» **WORK INSTRUCTION**: Copy verbatim the span of lines beginning at the line that contains "CPI National Secretary" and ending with the final line of the data. Exclude pictures from the copy.

» **DATA**:

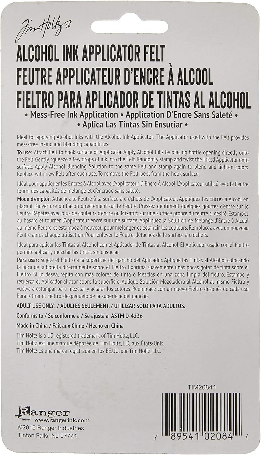 Use these pre-cut felt pads with the Adirondack Alcohol Ink Applicator (not included) for mess-free inking and blending. This package contains Tim Holtz Adirondack Alcohol Ink Applicator Felt, 50 replacement felts. Imported.
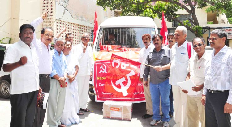 CPI National Secretary Dr. K. Narayana flag offed the van with relief material in the form of LED lights for Nepal earthquake victims at makhdoom bhavan in Hyderabad on sunday.
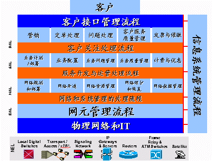 Assurance)的定義是,提供量化的測量指標(biāo),確保網(wǎng)絡(luò)服務(wù)能夠達到客戶所訂購的要求。(Service Usage)的定義是,測量電信網(wǎng)絡(luò)中各種業(yè)務(wù)的使用情況,計算處理使用電信業(yè)務(wù)的應(yīng)收費用,并對電信業(yè)務(wù)的收費過程提供支持。這是從縱向的角度來看,而從橫向的角度來看,從電信管理的角度來看,OSS主要處在三個管理層面:客戶服務(wù)層;業(yè)務(wù)管理層;網(wǎng)絡(luò)管理層。

» **RESPONSE AREA**:
 CPI National Secretary Dr. K. Narayana flag offed the van with relief material in the form of LED lights for Nepal earthquake victims at makhdoom bhavan in Hyderabad on sunday.
 Assurance)的定義是,提供量化的測量指標(biāo),確保網(wǎng)絡(luò)服務(wù)能夠達到客戶所訂購的要求。(Service Usage)的定義是,測量電信網(wǎng)絡(luò)中各種業(yè)務(wù)的使用情況,計算處理使用電信業(yè)務(wù)的應(yīng)收費用,并對電信業(yè)務(wù)的收費過程提供支持。這是從縱向的角度來看,而從橫向的角度來看,從電信管理的角度來看,OSS主要處在三個管理層面:客戶服務(wù)層;業(yè)務(wù)管理層;網(wǎng)絡(luò)管理層。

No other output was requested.